Editorial - (2022) Volume 11, Issue 1
Received: 07-Jan-2022, Manuscript No. ijdrt-22-52981; Editor assigned: 08-Jan-2022, Pre QC No. P-52981; Reviewed: 14-Jan-2022, QC No. Q-52981; Revised: 19-Jan-2022, Manuscript No. R-52981; Published: 24-Jan-2022, DOI: 10.37421/2277-1506.2022.11.335
The use of pulmonary medication administration is becoming more common. Pharmaceutical chemists must address medication absorption, particle size management, appropriate toxicity models, and patient compliance while creating pulmonary medicines. The author examines the hurdles unique to creating medications for pulmonary delivery and analyses how these obstacles can be addressed with the correct knowledge and experience.
Respiratory diseases such as asthma, chronic obstructive pulmonary disease (COPD), and idiopathic pulmonary fibrosis are among the most significant and prevalent healthcare issues confronting the developed world, accounting for more than 400,000 fatalities in the European Union, or 8% of all deaths. These data demonstrate the increased demand for novel and effective therapies. Pulmonary drug delivery is gaining popularity as a non-invasive method for treating a variety of severe lung disorders on a local level; nonetheless, this route of administration presents new hurdles for medicinal and formulation chemists.
The lungs have the ability to quickly transfer chemicals into the circulatory system; oxygen is delivered into the bloodstream and carbon dioxide is expelled with each breath. However, when using extracellular targets to treat respiratory disorders, it's critical that topically acting medications stay in the lungs and act. Depending on the method of the drug provided, absorption into the body could induce substantial adverse effects, such as those affecting the digestive, circulatory, and central nervous systems, as well as off-target effects. This problem runs counter to the goal of traditional orally delivered medication design, which involves medicinal chemists modifying an API's chemical characteristics to promote absorption and bioavailability in the body (Muneer et al., 2020).
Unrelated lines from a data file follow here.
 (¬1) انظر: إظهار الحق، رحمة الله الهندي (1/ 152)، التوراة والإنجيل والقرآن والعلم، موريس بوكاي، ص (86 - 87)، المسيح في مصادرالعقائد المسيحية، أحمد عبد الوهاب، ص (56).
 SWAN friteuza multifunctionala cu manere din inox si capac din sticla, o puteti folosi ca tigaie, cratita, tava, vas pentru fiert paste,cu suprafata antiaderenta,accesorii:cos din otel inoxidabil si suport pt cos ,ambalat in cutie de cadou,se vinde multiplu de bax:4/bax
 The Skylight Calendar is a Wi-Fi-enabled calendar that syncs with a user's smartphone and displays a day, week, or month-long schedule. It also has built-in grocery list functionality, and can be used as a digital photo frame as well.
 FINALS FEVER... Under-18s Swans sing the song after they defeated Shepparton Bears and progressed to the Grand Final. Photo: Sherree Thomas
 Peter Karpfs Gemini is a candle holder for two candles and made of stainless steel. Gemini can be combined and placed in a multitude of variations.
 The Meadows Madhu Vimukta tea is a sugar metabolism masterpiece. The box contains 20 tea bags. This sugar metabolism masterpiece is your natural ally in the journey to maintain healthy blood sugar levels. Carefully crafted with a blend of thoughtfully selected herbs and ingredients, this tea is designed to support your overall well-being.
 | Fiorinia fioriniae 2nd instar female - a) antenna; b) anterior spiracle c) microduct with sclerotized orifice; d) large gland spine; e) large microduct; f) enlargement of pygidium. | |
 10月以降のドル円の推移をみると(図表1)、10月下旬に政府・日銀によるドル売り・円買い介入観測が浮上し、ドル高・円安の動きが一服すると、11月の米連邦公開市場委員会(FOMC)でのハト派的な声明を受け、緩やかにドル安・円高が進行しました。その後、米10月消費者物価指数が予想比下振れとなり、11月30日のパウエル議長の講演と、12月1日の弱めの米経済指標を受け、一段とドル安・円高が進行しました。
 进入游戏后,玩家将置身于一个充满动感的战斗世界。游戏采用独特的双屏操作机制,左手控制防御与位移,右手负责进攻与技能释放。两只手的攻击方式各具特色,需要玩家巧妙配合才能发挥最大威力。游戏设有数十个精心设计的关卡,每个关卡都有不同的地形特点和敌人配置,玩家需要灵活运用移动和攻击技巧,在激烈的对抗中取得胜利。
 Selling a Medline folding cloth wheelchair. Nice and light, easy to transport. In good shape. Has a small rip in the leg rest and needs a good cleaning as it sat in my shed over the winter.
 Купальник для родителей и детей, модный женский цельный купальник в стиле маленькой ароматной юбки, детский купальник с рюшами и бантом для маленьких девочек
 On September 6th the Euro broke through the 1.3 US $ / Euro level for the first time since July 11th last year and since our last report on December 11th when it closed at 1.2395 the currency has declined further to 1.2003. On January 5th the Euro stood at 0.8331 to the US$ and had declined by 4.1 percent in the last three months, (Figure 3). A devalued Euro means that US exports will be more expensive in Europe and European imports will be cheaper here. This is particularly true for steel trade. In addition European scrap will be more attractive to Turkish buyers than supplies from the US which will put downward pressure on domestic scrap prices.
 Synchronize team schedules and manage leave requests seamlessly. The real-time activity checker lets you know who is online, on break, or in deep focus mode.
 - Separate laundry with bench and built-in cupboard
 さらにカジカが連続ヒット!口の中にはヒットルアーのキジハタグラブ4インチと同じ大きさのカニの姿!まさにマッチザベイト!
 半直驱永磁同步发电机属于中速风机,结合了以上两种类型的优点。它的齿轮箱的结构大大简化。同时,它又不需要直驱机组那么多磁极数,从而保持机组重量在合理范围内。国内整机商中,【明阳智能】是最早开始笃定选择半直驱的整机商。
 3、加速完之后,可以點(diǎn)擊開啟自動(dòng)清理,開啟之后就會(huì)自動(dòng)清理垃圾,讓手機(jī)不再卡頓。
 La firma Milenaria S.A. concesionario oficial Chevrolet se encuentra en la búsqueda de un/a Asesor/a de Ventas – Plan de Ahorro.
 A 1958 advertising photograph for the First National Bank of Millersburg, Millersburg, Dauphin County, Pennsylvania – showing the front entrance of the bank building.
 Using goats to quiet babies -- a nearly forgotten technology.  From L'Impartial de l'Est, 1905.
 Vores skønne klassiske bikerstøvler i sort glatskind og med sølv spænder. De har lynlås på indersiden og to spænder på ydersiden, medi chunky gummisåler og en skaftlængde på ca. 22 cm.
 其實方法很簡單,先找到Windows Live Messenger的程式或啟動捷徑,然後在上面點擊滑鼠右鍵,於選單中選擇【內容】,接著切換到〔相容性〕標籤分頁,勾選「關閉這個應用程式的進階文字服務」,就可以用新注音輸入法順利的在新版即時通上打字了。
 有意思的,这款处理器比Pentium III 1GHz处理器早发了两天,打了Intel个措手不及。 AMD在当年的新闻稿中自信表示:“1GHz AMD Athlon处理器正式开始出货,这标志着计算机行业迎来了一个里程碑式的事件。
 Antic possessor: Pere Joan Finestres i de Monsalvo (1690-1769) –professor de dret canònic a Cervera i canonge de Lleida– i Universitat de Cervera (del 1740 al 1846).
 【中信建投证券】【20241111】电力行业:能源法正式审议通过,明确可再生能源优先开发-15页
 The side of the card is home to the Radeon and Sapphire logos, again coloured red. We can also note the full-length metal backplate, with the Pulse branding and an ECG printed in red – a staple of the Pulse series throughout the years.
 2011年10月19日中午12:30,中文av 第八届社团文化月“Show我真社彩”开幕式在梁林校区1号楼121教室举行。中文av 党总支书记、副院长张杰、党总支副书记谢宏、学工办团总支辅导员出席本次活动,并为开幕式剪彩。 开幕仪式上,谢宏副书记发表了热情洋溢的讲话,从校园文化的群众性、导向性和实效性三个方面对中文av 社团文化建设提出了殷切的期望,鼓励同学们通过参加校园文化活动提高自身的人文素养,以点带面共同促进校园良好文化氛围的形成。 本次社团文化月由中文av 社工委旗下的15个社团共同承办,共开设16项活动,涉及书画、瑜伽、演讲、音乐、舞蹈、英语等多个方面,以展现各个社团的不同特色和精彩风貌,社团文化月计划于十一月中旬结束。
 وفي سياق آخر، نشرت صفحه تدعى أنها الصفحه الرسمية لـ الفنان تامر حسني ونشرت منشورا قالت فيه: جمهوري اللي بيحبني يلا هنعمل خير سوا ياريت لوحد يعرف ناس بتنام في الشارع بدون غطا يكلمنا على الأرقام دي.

When predicting the suitability of molecules as orally administered drugs, medicinal chemists often consider a set of four approximations to predict absorption in the gut, known as Lipinski’s Rule of Five. Lipinski’s rules state that an orally active drug should have no more than one violation of the following criteria:
• A molecular mass less than 500 Daltons
• An octanol-water partition coefficient (log P) not greater than five
• No more than five hydrogen bond donors
• No more than 10 hydrogen bond acceptors.
Extracellular luminal targets, on the other hand, necessitate the utilisation of molecules that violate these laws in order to generate APIs that are less easily carried out of the lungs. Larger molecules, for example, have a harder time crossing the epithelial barrier, making them more difficult to absorb into the bloodstream. Less lipophilic APIs will also have a harder time penetrating the airway lining, allowing them to stay at the site of action for longer. It's crucial to go against typical orally active drug design thought to reduce systemic exposure. Drugs that are not easily absorbed in the gut, which are heavily plasma protein-bound and/or swiftly metabolised and eliminated, will have a better chance of reducing treatment adverse effects (Athamneh et al., 2019).
Pulmonary drug delivery is becoming a more popular non-invasive treatment option for a variety of common and devastating lung disorders. However, when creating treatments that rely on this delivery mechanism, it's critical to keep in mind the major drawbacks of this method. These obstacles can be solved by collaborating with seasoned industry specialists, allowing for the faster and more affordable delivery of safe, effective treatments [1-5].